WORK TASK →
Output every line below exactly, please, omitting pictures.

Segment Start: AVAILABLE DATA

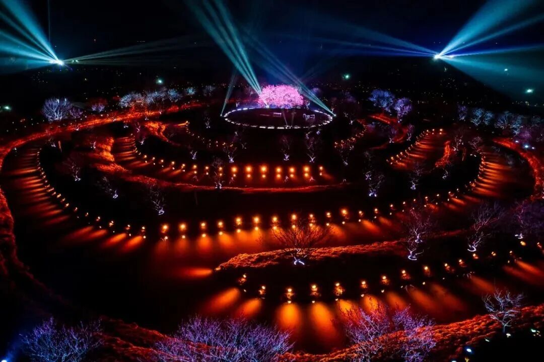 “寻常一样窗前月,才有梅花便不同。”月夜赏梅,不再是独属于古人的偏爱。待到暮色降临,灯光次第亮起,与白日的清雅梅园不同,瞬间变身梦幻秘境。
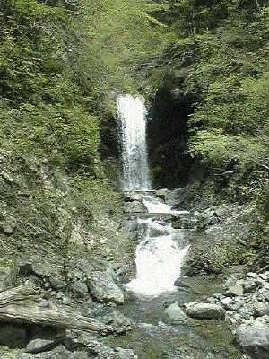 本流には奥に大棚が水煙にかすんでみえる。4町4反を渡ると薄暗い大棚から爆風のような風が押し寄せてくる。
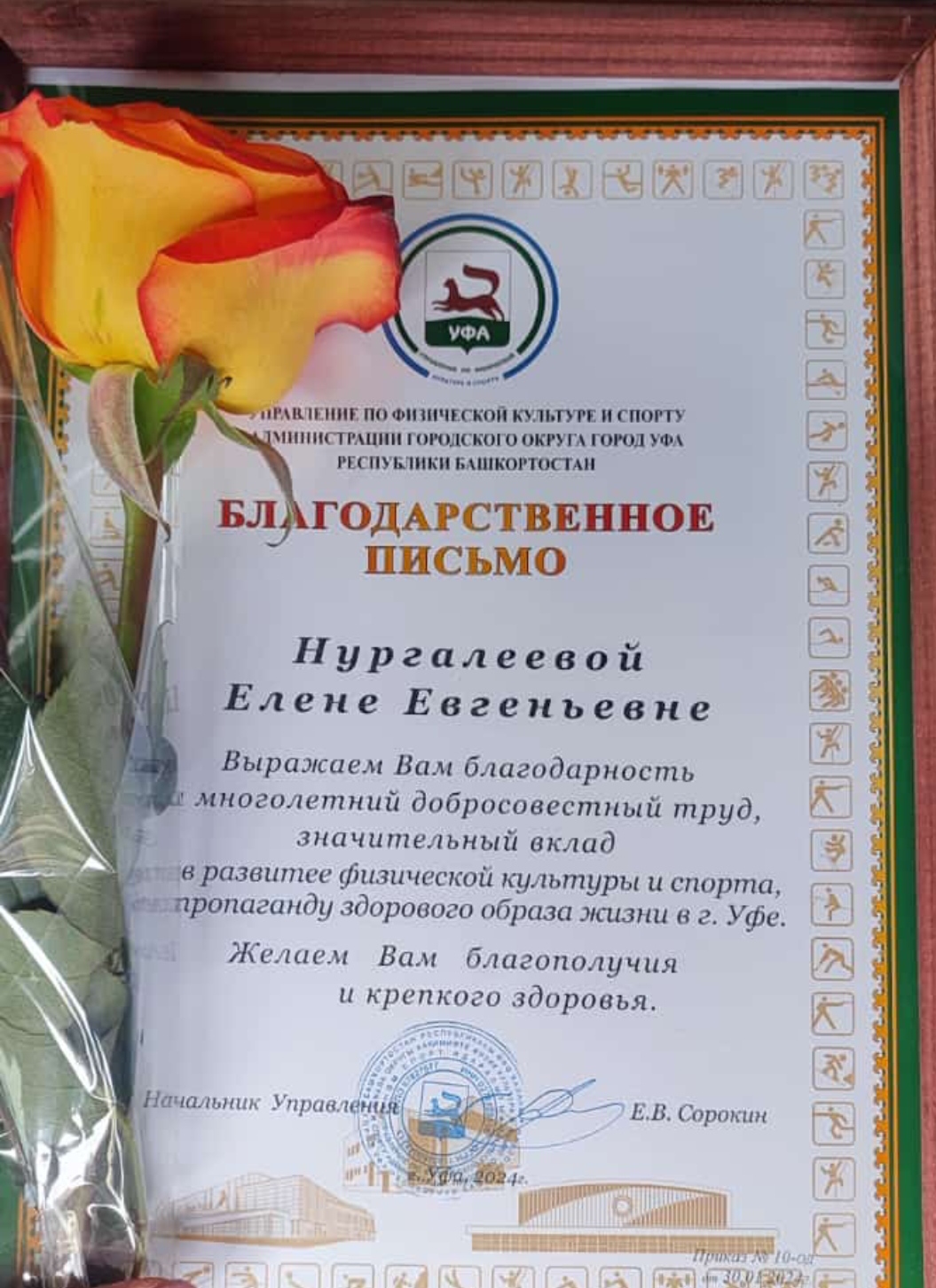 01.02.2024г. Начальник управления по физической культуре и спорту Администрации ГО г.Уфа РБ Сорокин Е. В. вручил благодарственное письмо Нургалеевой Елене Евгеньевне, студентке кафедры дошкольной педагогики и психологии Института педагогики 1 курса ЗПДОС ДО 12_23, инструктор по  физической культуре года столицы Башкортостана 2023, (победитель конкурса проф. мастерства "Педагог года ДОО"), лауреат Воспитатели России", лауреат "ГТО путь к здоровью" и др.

Segment End: AVAILABLE DATA

RESPONSE AREA →
 “寻常一样窗前月,才有梅花便不同。”月夜赏梅,不再是独属于古人的偏爱。待到暮色降临,灯光次第亮起,与白日的清雅梅园不同,瞬间变身梦幻秘境。
 本流には奥に大棚が水煙にかすんでみえる。4町4反を渡ると薄暗い大棚から爆風のような風が押し寄せてくる。
 01.02.2024г. Начальник управления по физической культуре и спорту Администрации ГО г.Уфа РБ Сорокин Е. В. вручил благодарственное письмо Нургалеевой Елене Евгеньевне, студентке кафедры дошкольной педагогики и психологии Института педагогики 1 курса ЗПДОС ДО 12_23, инструктор по  физической культуре года столицы Башкортостана 2023, (победитель конкурса проф. мастерства "Педагог года ДОО"), лауреат Воспитатели России", лауреат "ГТО путь к здоровью" и др.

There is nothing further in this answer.